Die Hauptthese der Doktorarbeit von H war die Existenz einer Konformations-änderung in Chymotrypsin, die den katalytischen Vorgang begleitete und regulierte. Die Titrationskurven hatten gezeigt, dass diese Konformations-änderung durch eine vom Substrat verursachte pK-Verschiebung einer jonisierenden Gruppe von einem pK-Wert um 9 ausgelöst wurde. Diese Gruppe wurde wegen ihrem pK-Wert und der Inaktivierung des Enzyms durch eine selektive Azetylierung der α-Aminogruppen vorläufig als ein N-Terminus identifiziert. In der später aufgeklärte räumliche Struktur wurde diese Aminogruppe als der N-Terminus der B-Kette des Enzyms erkannt. Er fungierte als Schalter der enzymatischen Aktivität.

In Göttingen, wo Professor Eigen und seine Mitarbeiter die chemischen Relaxationsverfahren entwickelt hatten, die ein Studium der Elementarschritte einer chemischen Reaktion erlaubten, hatte Professor Hess ein Projekt über die Kinetik der Wechselwirkungen zwischen Chymotrypsin und dem chromogenen, kompetitiven Inhibitor Proflavin angefangen. Es wurde von H weitergeführt. Seine Ergebnisse zeigten eindeutig, dass die anfängliche Bindung von Proflavin an das Enzym von einer Isomerisierung des Enzym-Inhibitor-Komplekses nachfolgt wurde. Dadurch wurde die an der Cornell Universität formulierte Hypothese bewiesen.

H untersuchte dann in Göttingen, ob das Prinzip der Konformationsänderung des Enzyms als Teilschritt des katalytischen Mechanismus allgemein sei. Das konnte er mit dem glykolytischen Schlüsselenzym Glyzerinaldehyd-3 Phosphat-Dehydrogenase bestätigen. Ausserdem fand er eine Konformationsänderung im Atmungskettenprotein Cytochrom C, die die Elektronenübertragung begleitete. In Göttigen baute H auch in Zusammenarbeit mit Dr. Louis DeMayer eine neue Temperatursprunganlage mit der Temperatursprünge auf eine sich in Strömung befindende Flüssigkeit gelegt werden konnten. Mit diesem Gerät konnten die kinetischen Eigenschaften von kurzlebigen Zwischenprodukten im katalytischen Vorgang auch dann erfasst werden, wenn nur kleinen Substanzmengen verfügbar waren.
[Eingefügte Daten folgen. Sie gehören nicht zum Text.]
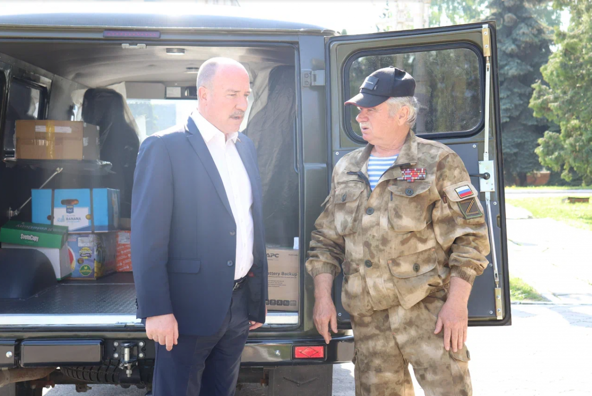 Партийцы, депутаты, представители общественных организаций, неравнодушные орловцы собрали продукты питания, воду, средства гигиены, предметы первой необходимости. Представители бизнеса - АО «Щелково-Агрохим» - передали бойцам автомобиль УАЗ.

H nahm dann eine Stelle als Oberassistant am Biochemischen Institut der Medizinischen Fakultät in Aarhus an, um beweisen zu können, dass er auch zu selbständiger Forschung fähig war. Da inzwischen die räumliche Struktur von Chymotrypsin in Cambridge aufgeklärt worden war, baute H in Aarhus ein Modell dieses Enzyms im Massstab 1: 50 x 106 (za. 2 x 2 x 2 m) auf. Auf diesem Modell konnte er die Entfernungen zwischen chemisch modifizierbaren Gruppen direkt messen. Er baute anschliessend mit Hilfe von bivalenten Imidaten Brücken über die Hauptkettenschleife, die an der Aktivitäts-regulierende Konformations-ändering beteiligt war, um dadurch ein stabileres Enzym, das sich nicht autolysierte, zu erhalten. Es gelang ihm dadurch die katalytisch aktive Konformation zu fixieren und die spezifische Aktivität tausend-fach zu erhöhen. Anschliessend baute H das stabilisierte Enzym durch begränzte Proteolyse zu 20 % der ursprüngliche Grösse ab, ohne viel Aktivität zu verlieren. Dadurch hoffte er ein kleines Enzym herzustellen, das auch synthetisiert werden könnte, und das die gewöhnliche, immunologene Eigenschaft nicht besass.

Ein anderes Projekt, das H in Aarhus anfing, war die Enzymkatalyse in einem nicht-wässrigen Lösungsmittel. Die Idee zu diesem Projekt, die aus der Schweiz stammte, war, die Proteinsynthese mittels proteolytischen Enzymen durch Verringerung der Wasserkonzentration zu ermöglichen. Es gelang ihm in dieser Weise mit Chymotrypsin in einer Dioxan-Wasser-Mischung Oligomere von Aminosäuren mit hydrophoben Seitenketten herzustellen. Diese Methode wurde anschliessend bei der Humanisierung von Schweineinsulin industriell genutzt, da das Insulin des Schweines sich nur durch die C-terminale Aminosäure vom Insulin des Menschen unterscheidet.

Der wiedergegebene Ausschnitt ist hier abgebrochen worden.